– Спасибо, что пришли, – начал Иваник и попросил Спыхальского: – Пан Мартын, приподними мне голову повыше… Хочу посмотреть и на друзей, и на милый сердцу белый свет…
Спыхальский легко взял его на руки, а Метелица тут же взбил перины и подушки. Теперь Иванику стали видны и багровый диск солнца, садившегося за вершины гор, и серебристо блестевшие плесы реки, и темно-зеленые еловые леса на горизонте…
– Ах, как тут хорошо и любо, – прошептал Иваник. – И помирать, братцы, ой как не хочется… – Он помолчал. Почувствовал вдруг необыкновенный прилив сил. Так бывает иной раз перед смертью – отчаянный рывок живого в борьбе за жизнь. – Сидел бы вот так и смотрел… На голубое небо, на красную калину, слушал бы, как шумит вода, подмывая крутые берега, как щебечут пташки да шелестит ветер в ветвях… Но, знать, пришел мой час. Споткнулся мой конь – и я, его всадник бесталанный, выпал из седла. И никакая сила не поднимет меня…
Иваник умолк, сухим языком провел по запекшимся губам. Спыхальский подал ему воды. Он жадно глотнул и грустным взглядом обвел товарищей, молча стовших возле него.
Все были поражены речью Иваника.

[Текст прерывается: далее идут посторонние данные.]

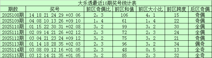 前区奇偶比:最近30期前区奖号奇偶个数总比例为71:79,总体来看偶数优势比较明显;前10期前区奖号奇偶比例为25:25,奇偶号码走势相当;上期前区奖号奇偶比为3:2,本期预计奇数号码继续大热,重点看好奇偶比3:2。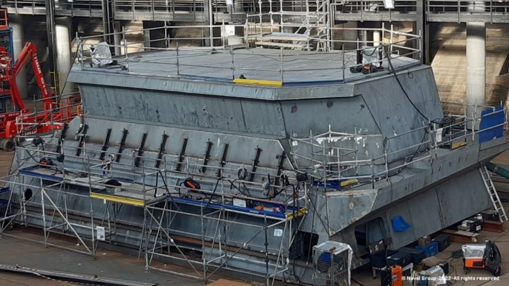 Φωτογραφίες με τις τελευταίες εξελίξεις από τη ναυπήγηση της πρώτης ελληνικής φρεγάτας Belharra – FDI HN, που βρίσκεται σε εξέλιξη στο ναυπηγείο της Λοριάν στη Γαλλία.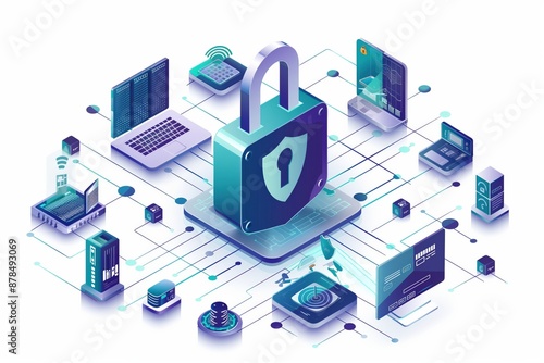 Cybersecurity Network Protection Illustration, featuring a shield with a lock surrounded by network nodes, symbolizing data security, online protection, and digital safety.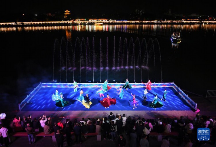 3月21日,在四川省閬中嘉陵江城區段的江面上,演員們在表演實景演出《客來閬中》。 每當夜幕降臨,四川省閬中市嘉陵江城區段燈光璀璨,大型民俗文化移動實景演出在此上演,這種“移步換景”的演出方式吸引眾多游客。近年來,閬中古城為推動夜間經濟發展,充分結合當地文化資源,推出《蜀道盛世》《客來閬中》等實景演出,增加游客夜游體驗,帶動當地文旅消費。 新華社記者 劉潺 攝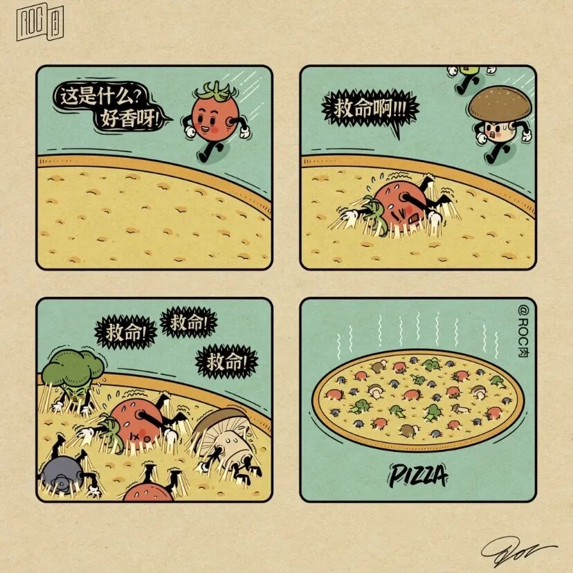今天,我们要参观的是国内一位名为【ROC肉】的原创脑洞漫画家的想象力世界。他的漫画主角,是随处可见的瓜果蔬菜和生活用品,或是以女朋友为原型的人物。那么接下来30张精选漫画,咱们一起来细品吧。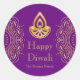 Púrpura e dourada, adesivo Diwali com padrão indiano. Perfeito como partidário em favor de adesivos, etiquetas de presentes ou selos de envelopes para os seus convites de festas.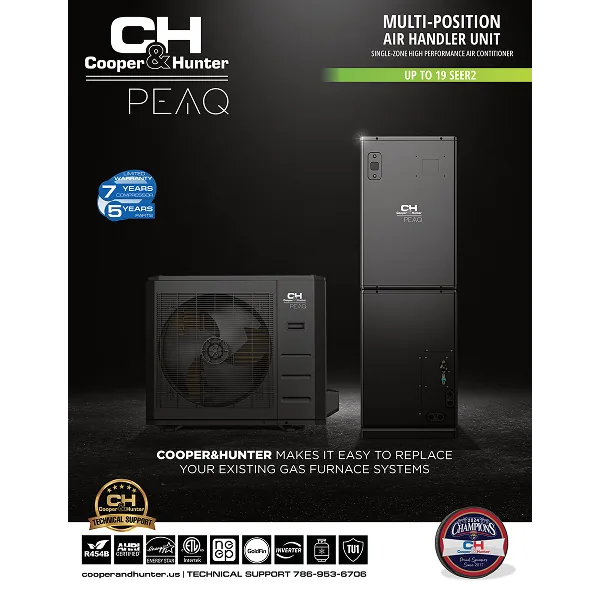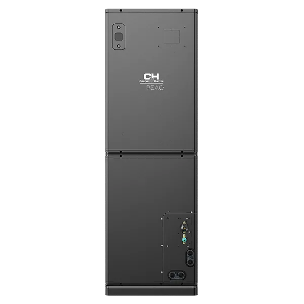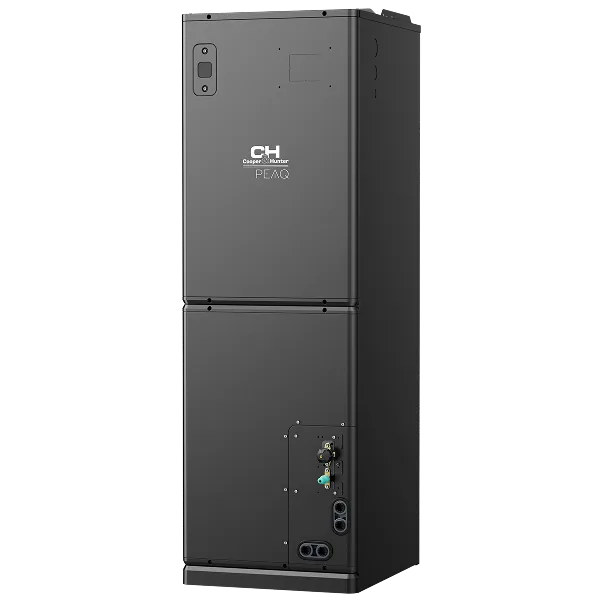 The New 36K Btu PEAQ Multi-Voltage Air Handler by Cooper&Hunter is the most recent revolutionary HVAC solution designed to elevate your home climate control experience. Utilizing the new R454B refrigerant, this slim indoor unit, with a width of 17.5", matches most gas furnaces, making it an ideal replacement for your existing system. The PEAQ unit is a single-zone, high-performance air conditioner that offers both horizontal and vertical installation options for maximum flexibility. Its adaptive multi-voltage capability (115V & 208-230V) automatically identifies the required voltage without manual conversion, eliminating the hassle of rewiring. With a SEER2 rating of up to 17.7, the 36K PEAQ unit ensures exceptional energy efficiency. The innovative M-COIL design delivers less than 0.02 in. W.C. pressure drop, providing a mere 2% airflow difference between evaporators. Constructed with TU1 copper tubes, this unit boasts excellent electrical and thermal conductivity, along with superior corrosion and cold resistance. The symmetric fan blower design ensures even airflow and higher efficiency heat exchange. For added comfort, an auxiliary heater can be purchased separately, available in 5kW, 10kW, 15kW, and 20kW models. Additional features include refrigerant leak sensors, a factory-installed drain pan heater to prevent ice accumulation, and an ultra-efficient discharge fan that guarantees uniform heat exchange and prevents frost on the compressor's coils. A detachable delay fuse protects the wire set from outdoor to indoor, preventing overcurrent and ensuring safety. Control Options include: Built-in Smart Kit with Downloadable C&H App, included Remote Control and Wall Thermostat.
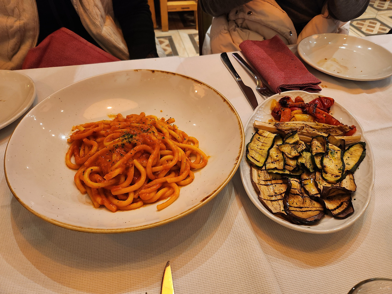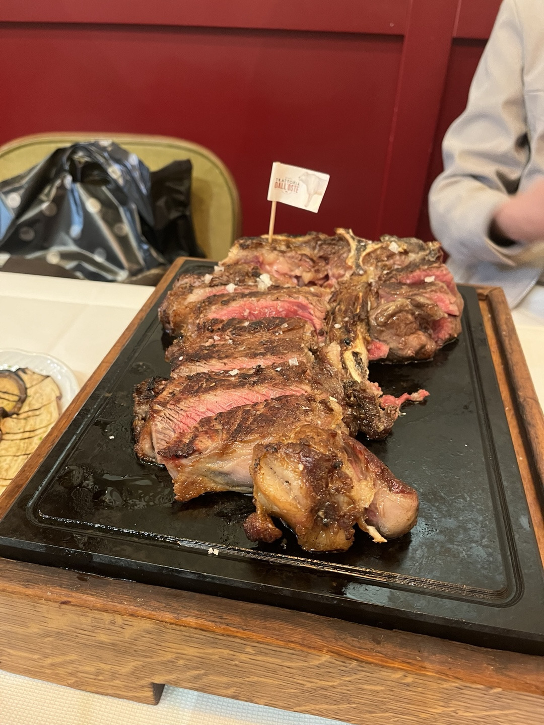 점심은 달오스떼에서 티본스테이크를 먹었다. 무슨 이유에서인지 피렌체가 티본스테이크로 유명해, 로마의 젤라또처럼 피렌체에도 3대 티본스테이크가 있었다. 우리는 그중 하나인 달오스떼를 선택했다. The Fork 어플로 예매하면 할인을 받아 과하지 않은 가격에 티본스테이크를 먹을 수 있는 것이 큰 장점이었다. 와인과 구운 채소, 토마토 칠리 파스타와 함께 티본스테이크 1.2kg를 주문했다. 파스타는 가격 거품이 조금 있는 듯했지만, 나머지는 그만한 값어치를 했다. 특히 티본스테이크가 간도 적당했고 딱 알맞게 구워져서 정말 부드러워 왜 유명한지 납득할 수 있었다. 그렇게 뿌듯하게 133유로를 결제하고 숙소로 돌아갔다.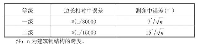 建筑物施工平面控制网,应根据建筑物的分布、结构、高度、基础埋深和机械设备传动的连接方式、生产工艺的连续程度,分别布设一级或二级网。一般钢结构、超高层、连续程度高的建筑宜布设成一级网,框架、高层、连续程度一般的建筑宜布设成二级网。其主要技术要求,应符合下表规定。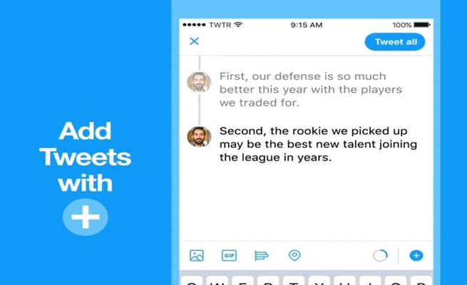 وآلية ذلك تتم عبر الضغط على زر (+) لإضافة تغريدة جديدة بعد كتابة التغريدة الأولى، وهكذا بعد الانتهاء من إضافة كل تغريداتك تضغط على زر Tweet All لنشرها جميعاً دفعة واحدة كتغريدات متسلسلة.
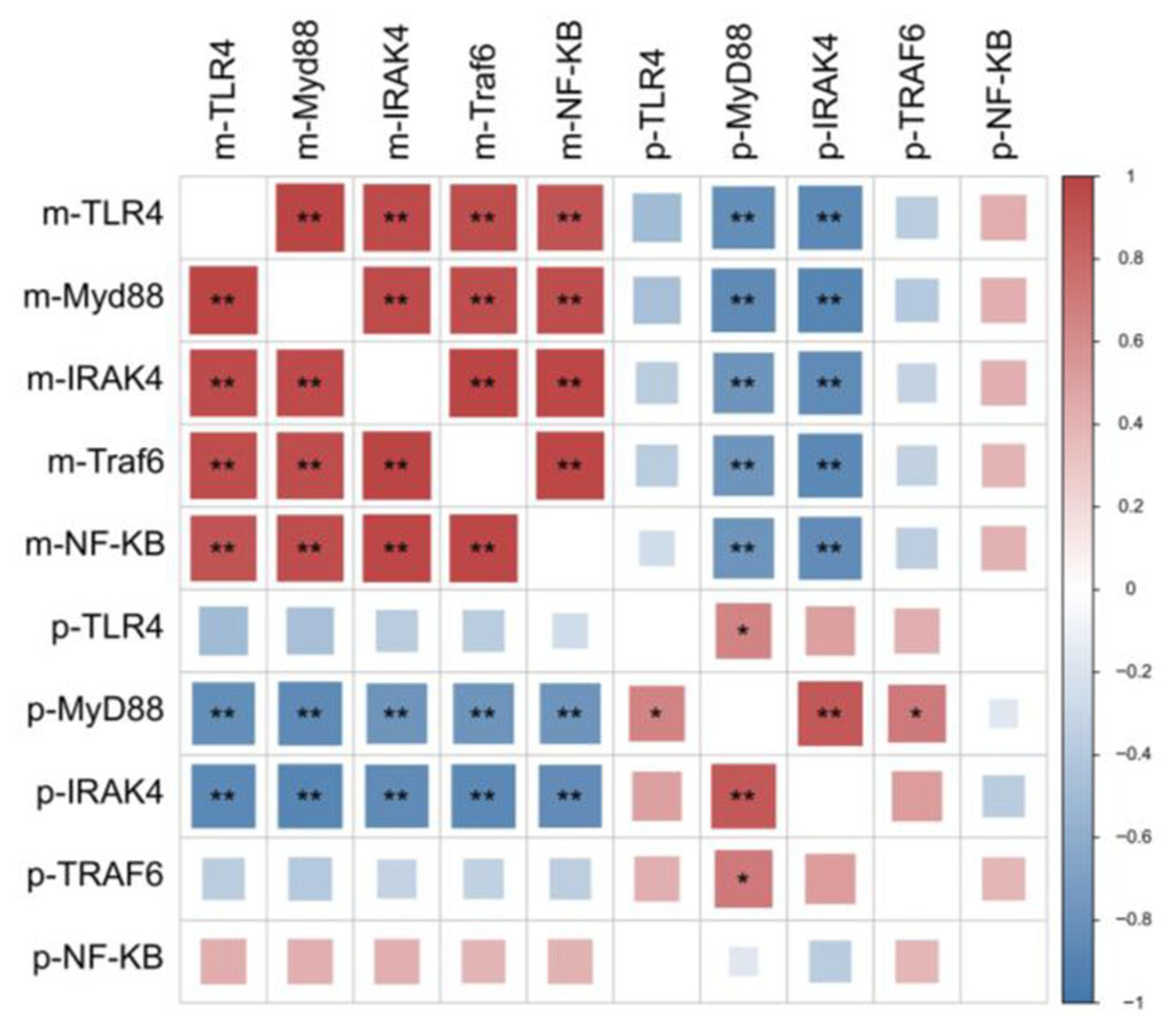 Figure 8 illustrates the correlation analysis of the relative mRNA expression levels and protein expression levels of key genes (p-TLR4, p-Myd88, p-IRAK4, p-Traf6, p-NF-κB). A significant positive correlation was observed between mRNA expression levels of these genes (p < 0.05). In contrast, a significant negative correlation was found between the relative mRNA expression levels and protein expression levels of these genes (p < 0.05).

Слова его звучали ярко, проникновенно, будто говорил это не знакомый им человечек, которого, что греха таить, считали малость придурковатым, а кто-то другой…
Переведя дух, Иваник вяло махнул рукой.
– Ну, прощевайте, братья! Я счастлив, что был вместе с вами, с Арсеном, рыцарем нашим… Рад, что возвращаетесь с победой и что в ней есть и моя частица… моя кровь… Как отойду, схороните меня под этой калиной… Чтобы… как в той песне нашей поется, помните:
– Обещаем тебе, казаче, – за всех ответил Палий. – Пусть будет спокойной душа твоя!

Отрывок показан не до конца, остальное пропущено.